Get the party started! Wine Spectator‘s mega-event kick-off to Vinitaly, Opera Wine, is a feel-good event that showcases Italy’s Top 100 wines (which for some reason, this year were 107!) Maybe because it was the 7th annual Opera Wine?
The event sported an oddly American stars-and-stripes theme. Crank up the volume, because this blog post has a soundtrack, and it’s not what you’re thinking…
A lot goes into the selection and presentation of Italy’s best wines; this morning we heard about the blind tasting selection process from a panel including Wine Spectator’s Bruce Sanderson and Alison Napjus, both experts on Italy. That’s Vinitaly’s Stevie Kim presenting.
Bruce Sanderson covers Tuscany and Piedmont, the heavy hitting big red regions known for Brunello and Barolo (in that order), and Alison Napjus covers the rest of Italy. Some life, huh? Wine journalists shape opinions and tastes, inform and communicate; it’s a big job, but someone’s got to do it, right?
After the presentations and explanations, people get down to the serious business of tasting.
Held in the Palazzo della Gran Guardia, one can meet the producers who are there to let you sip their chosen wine. In the days to come, in the more spacious pavilions of the Verona Fairgrounds, one can try the whole range of wines each winery makes. For me, it was a day to talk with women producers, from Daria Garofoli (Le Marche region), Valentina Argiolas (Sardinia) and the lovely ladies from Tenuta San Guido. Yes, that is a magnum of Sassicaia.
This evening’s gala dinner on the eve of the fair’s official inauguration includes an awards ceremony: the International Vinitaly Award was being presented to Marco Caprai of the Arnaldo Caprai winery in Umbria, for having brought a renaissance to the Sagrantino wine of Montefalco (see our post from February), and for outstanding work in ecology (the Green Revolution) and wine tourism.

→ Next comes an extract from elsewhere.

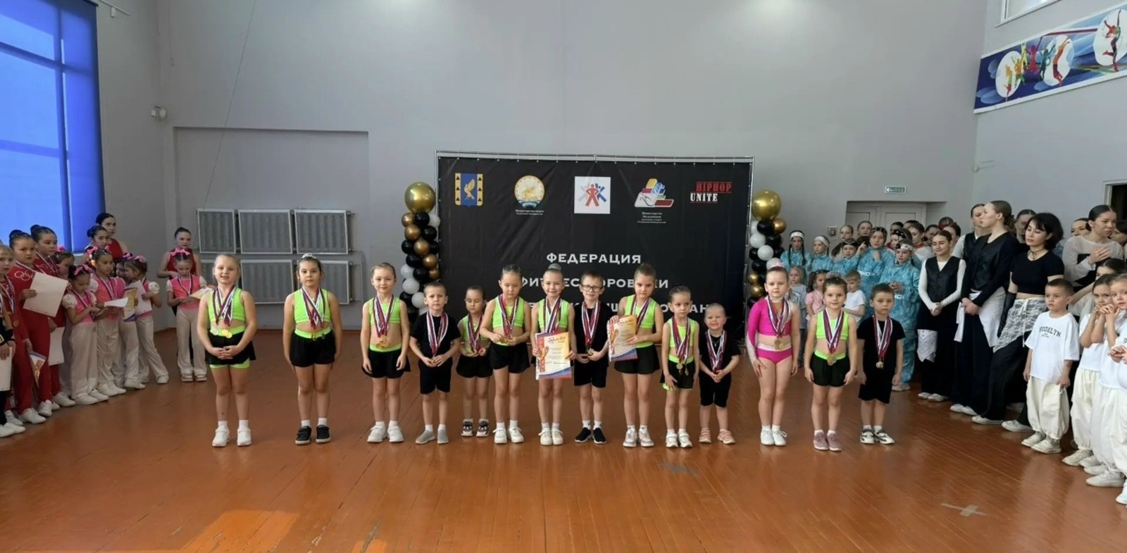 На зимних отборочных квалификационных спортивных соревнованиях по фитнес – аэробике, силовой аэробике и чир спорту в г. Кумертау наши спортсменки заняли следующие места: в силовой гимнастике (5-6 лет) Алиса Михайлова - 1 место, степ аэробика большая группа «Недетское время» - 1 место, танцевальная аэробика большая группа «Акварель» - 1 место, танцевальная аэробика большая группа «Веселый островок» - 3 место.

The American side of this prize went to Gina Gallo of the famed Italian American winemaking family. Who doesn’t remember Ernesto and Julio Gallo those great pioneers of the California wine scene? Gina spoke with emotion and great pride about her family’s work, and their ties to their Italian roots. Gallo is not only the largest exporter of California wine, but also an importer/distributor. And again on the ecological side, Gallo helped develop and implement the Code of Sustainable Wine Growing Practices.
I told you I was interested in talking to women producers today. On the left, the famous French actress and model, Carole Bouquet, who makes a mean Passito di Pantelleria. On the right, José Rallo of Donnafugata, perhaps Sicily’s best known winery, maker of the scrumptious Ben Ryé Passito di Pantelleria. That Zibibbo grape just keeps on giving… More anon about Zibibbo and other Italian native grape varieties as we keep reporting, live from Verona!
Welcome to Vinitaly 2018! Cin-cin!
It looks as though EVERYONE is GLOWING and enjoying all the good tastes!!!